Ah, but what about fog, how do you handle that without radar? Well, you try to avoid it but if you are caught out it is often possible to ‘feel your way’ to a place of relative safety by using the echo sounder to run along an underwater contour line marked on the chart.

Navigation in the old way was not an exact science but the more you sailed the better refined your skills became. We always used to ‘aim’ a little up-tide or up-wind of our intended destination so that if adjustments had to be made as we closed the coast, it was a relatively easy matter to fall down onto the target.

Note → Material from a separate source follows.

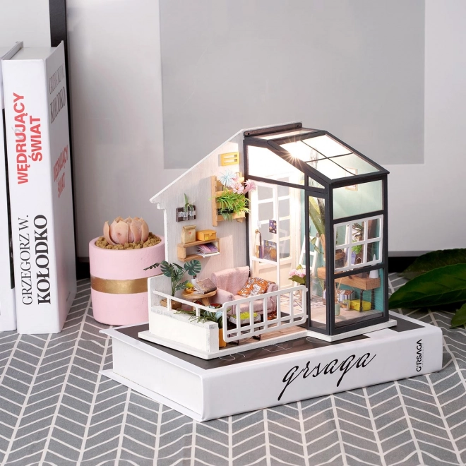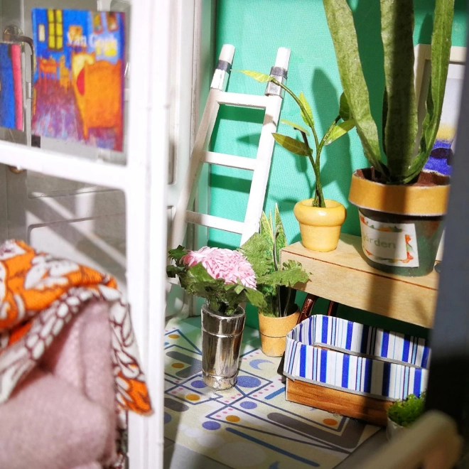 A Robotime-Rolife DGM05 készlet egy gyönyörű ház erkéllyel. Képzeld el, hogy egy otthonos kanapén ülsz a meleg nap alatt, és könyvet olvasol egy csésze kávéval. Milyen élő kép!

Despite its apparent lack of precision though, there are some who would say it was safer. In the pre-electronic days, you had to watch the elements and know your boat. Chart work had to be done carefully and the log had to be maintained. You made your own plans and ploughed your own furrow. Two incidents in recent years make me question the wisdom of an over reliance on electronics. The first one involved a skipper who hit a large buoy he had used as a waypoint. The electronics were a bit too accurate and he was concentrating on the electronic screen rather than keeping a good lookout. The second was a comment made by a skipper only a few weeks ago on his return from Cherbourg.  ‘Everyone wants to get from A to B by the shortest most logical route. They all use the same waypoints and plot the same course there and back. Every vessel is running along the same line at different speeds often in opposite directions. There’s a lot of water out there but for most of the time we’re all trying to use the same bit!’

If you're interested in Marlinspike sailing as its is sometimes known. Here is a good book on the subject
The Marlinspike Sailor  (USA Readers)
The Marlinspike Sailor (UK Readers)




Seaward

1 comment :

  1. That thing about hitting a buoy rings all too true with me... I was crossing St. Catherine's Sound (Georgia) in a fairly thick fog... set the co-ordinates of a buoy in my very simple Garmin 72 (no chart plotter), and sailed for towards it, meaning to round it on my way up the Sound. When I finally spotted it, we were heading straight for it... if I hadn't been keeping a watch (I was scared to death in that fog, so was keeping a GOOD watch), I would have skewered it with my bowsprit.

    Now I pick a waypoint a bit off the buoy! Those GPSs are way too accurate.